Forming Partnerships For House Flips

3 Replies

I'm a newbie to REI. I bought a house of my own just a little over a year ago, and I'm eager to start buying investment properties. I have quite a bit of equity in my house, so I'm in the process of setting up a HELOC to help fund some of my deals.

While I'm anxiously waiting to get that all set up (I need to take care of some minor repairs and updates after renting to my brother before I can get an appraisal), I am eager to be searching for deals; I really enjoy the hunt (though I think there are a lot of ways I can improve my searching techniques). The problem right now is that I don't have a lot of cash that I am ready to tie up into a deal, so I was hoping to network and make an arrangement, specifically for a house flip in which I find the deals, do the legwork to get the repairs done, then get it sold, while the partner finances the deal and manages everything to make sure his/her money is well-invested.

My question is: What kind of partnerships have you guys had that you found beneficial, and what were the best ways that you found to arrange to work with a partner? I'm looking specifically to partner on a house flip so that the partnership doesn't have to be long-term. I look forward to hearing from everyone.

@Daniel Howard I am coming out of a "partnership" between my wife and I and 2 other partners. It has not gone well. We thought "they" would be good financial partners, as doctors. In fact, it has lead to many issues and the divorce is not going to be amenable. If you can find a way, do it all yourself. 

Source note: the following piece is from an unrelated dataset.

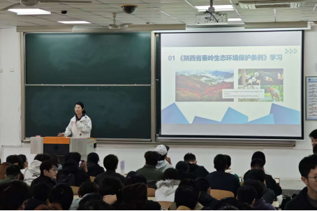 辅导员带领全体员工学习《陕西省秦岭生态环境保护条例》,结合秦岭生态保护区实例,阐释生态环境保护的法律责任,强化员工生态文明实践意识。
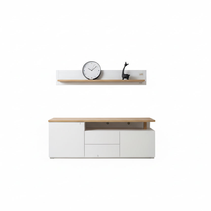 Ky sistem mobilje për TV është një kombinim perfekt i dizajnit minimal dhe funksional. Me një sipërfaqe të pasme druri natyral dhe pjesë të bardha të pastra, ky mobilje është ideal për dhomën tuaj të ndenjës, duke ofruar hapësirë për ruajtje të pajisjeve dhe objekteve dekorative.

By doing it yourself, you know 1) your limits, and you learn a lot about the amount of risk you are willing to take on & 2) you don't need a partner. You can get partners in the form of lending institutions on your own. You can find entities that will do buy-fix-flip deals with you and you will learn the system of what you can take in as an investor. 

Do your first deal on your own, then you can decide if you "need" the partner. Best of luck to you! 

The easiest way to set up a partnership where the responsibilities are clear is to bring in a partner as a private lender.

There are professional private lenders known as hard money lenders.   Good ones can be like partners where they charge you a high interest rate based on the assumed financial risk and can help you with vendors and other resources.  But at the end of the day they are the lender and you are the owner.

Like @Jack Bobeck says, once you understand the risks involved, then it might be more appropriate to ask folks without professional real estate experience.

Also, sellers make excellent financial partners.

@Daniel Howard don't let someone else's good/bad experience persuade/dissuade you from doing what you think is going to work for you.  Ultimately, you're only going to know by doing.  It's good to read about other's experiences, but there's no experience quite like doing it.

I know people who have had great partnerships. 

Do you know anyone with money?  Someone who likes to take on investments?  Approach them with properties in mind, having done all the work already, and lay out exactly what this investment looks like.  Make it a "turn key" investment for them, where all they have to do is provide funds, and they'll get more back.  If that doesn't work, bring those same properties/investments to a real estate meetup, or even connect with investors on BP.

As @William Hochstedler mentioned there are hard money lenders, but surely you know of those.  If your scenarios are solid, and you believe in them, take that road, but it doesn't have to be option 1 at all.